The following table compares read and write latencies across all ElastiCache options on r7g.4xlarge nodes.

Key takeaways:

• All options maintain microsecond read latency. Whether synchronous or asynchronous, durability preserves microsecond read performance across both throughput levels, making it suitable for read-heavy workloads which represent the majority of real-world use cases.
• Asynchronous writes deliver comparable latency to ElastiCache without durability. At both 50K and 100K TPS, read and write latencies are within microseconds of each other. You can add durability with no additional charge and negligible impact on throughput at typical workload levels. We recommend asynchronous writes as the default for all workloads that do not require zero data loss, as this option provides durability with no latency penalty.
• Synchronous writes preserve microsecond read latency at moderate throughput. At 50K TPS, read latency remains sub-300 µs. At 100K TPS, read latency increases to sub-millisecond (879 µs) as the system handles higher concurrency to the transactional log. Write latency remains in the single-digit millisecond range at both throughput levels, the expected tradeoff for persisting data across two Availability Zones before acknowledging the write. You should use synchronous writes when your application cannot tolerate any data loss.

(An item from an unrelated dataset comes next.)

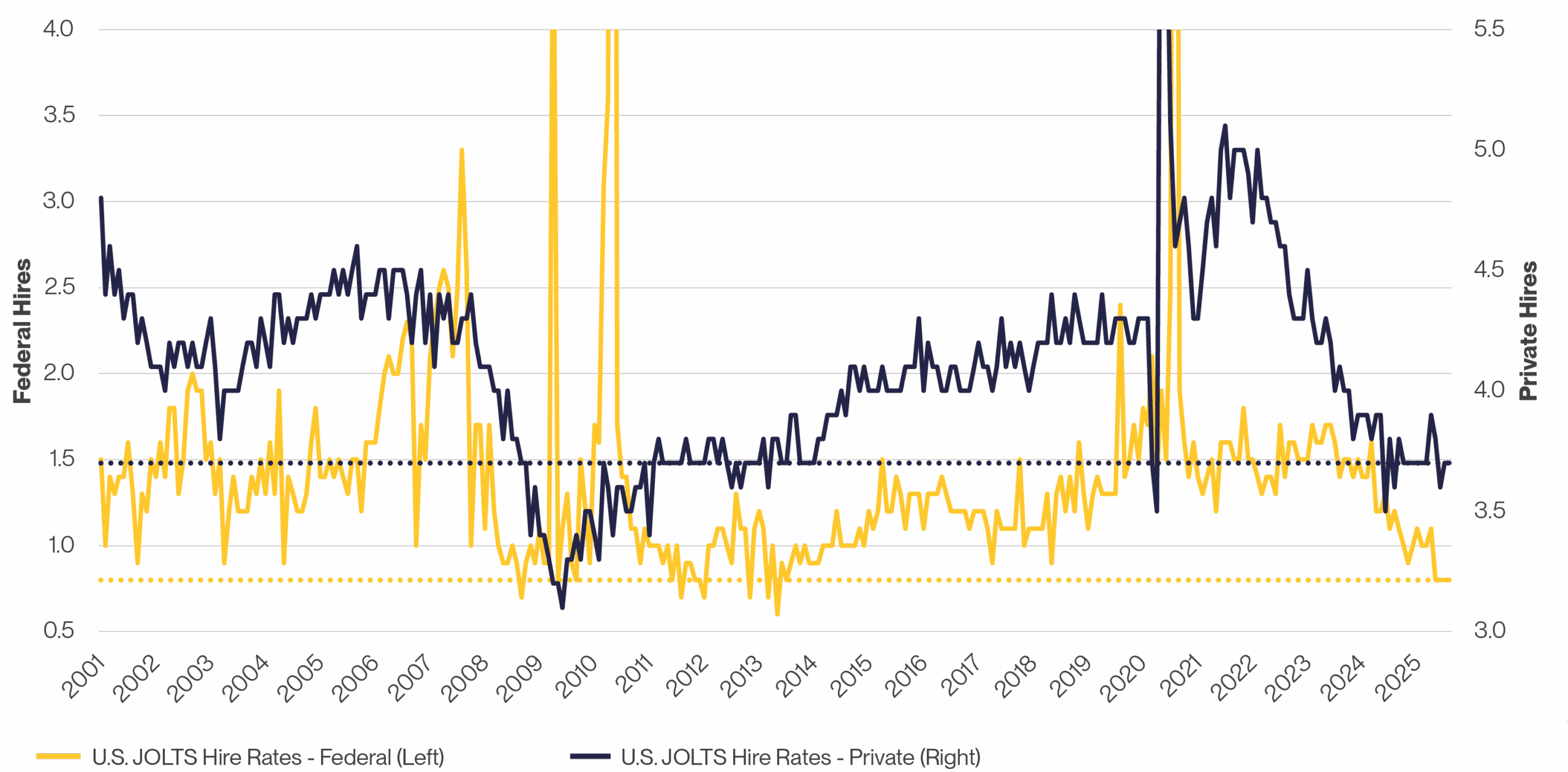 In a muddle-through scenario, we’d anticipate a continuation of mixed data signals, particularly focused on a cooling labor market and a strong U.S. consumer. For example, hiring momentum has slowed – as we saw in August, the economy added only 22,000 new jobs, falling short of the anticipated 76,500. The hiring rate among private companies is also hovering near historically low levels (see Exhibit 1).

Getting started with durability for ElastiCache

Prerequisites

Before you begin, verify you have:

• An active AWS account
• AWS CLI version 2.x or later installed and configured
• IAM permissions for elasticache:CreateReplicationGroup and elasticache:ModifyReplicationGroup

Creating a durable cluster

To get started with durability, you need to create a new ElastiCache cluster and select your preferred durability option using the AWS Management Console, AWS Software Development Kit (SDK), or AWS Command Line Interface (CLI).

Using the AWS Management Console

When creating a new cluster, select Valkey 9.0 or later. Choose your preferred durability option in the cluster settings:

Using the AWS CLI

To create a new durable cluster with synchronous writes:

aws elasticache create-replication-group \
--replication-group-id my-durable-cluster \
--replication-group-description "ElastiCache durable cluster" \
--engine valkey --engine-version 9.0 \
--num-node-groups 2 --replicas-per-node-group 1 \
--cache-node-type cache.r7g.large \
--multi-az-enabled \
--transit-encryption-enabled \
--durability sync \
--region us-east-1

To create a cluster with asynchronous writes, set --durability async:

aws elasticache create-replication-group \
--replication-group-id my-durable-cluster \
--replication-group-description "ElastiCache durable cluster" \
--engine valkey --engine-version 9.0 \
--num-node-groups 2 --replicas-per-node-group 1 \
--cache-node-type cache.r7g.large \
--multi-az-enabled \
--transit-encryption-enabled \
--durability async \
--region us-east-1

Verify your cluster

After creating the cluster, you can verify it is running with durability enabled:

aws elasticache describe-replication-groups \
--replication-group-id my-durable-cluster \
--query 'ReplicationGroups[0].[Status,Durability]' --region us-east-1

The output should show status as available and your selected durability option.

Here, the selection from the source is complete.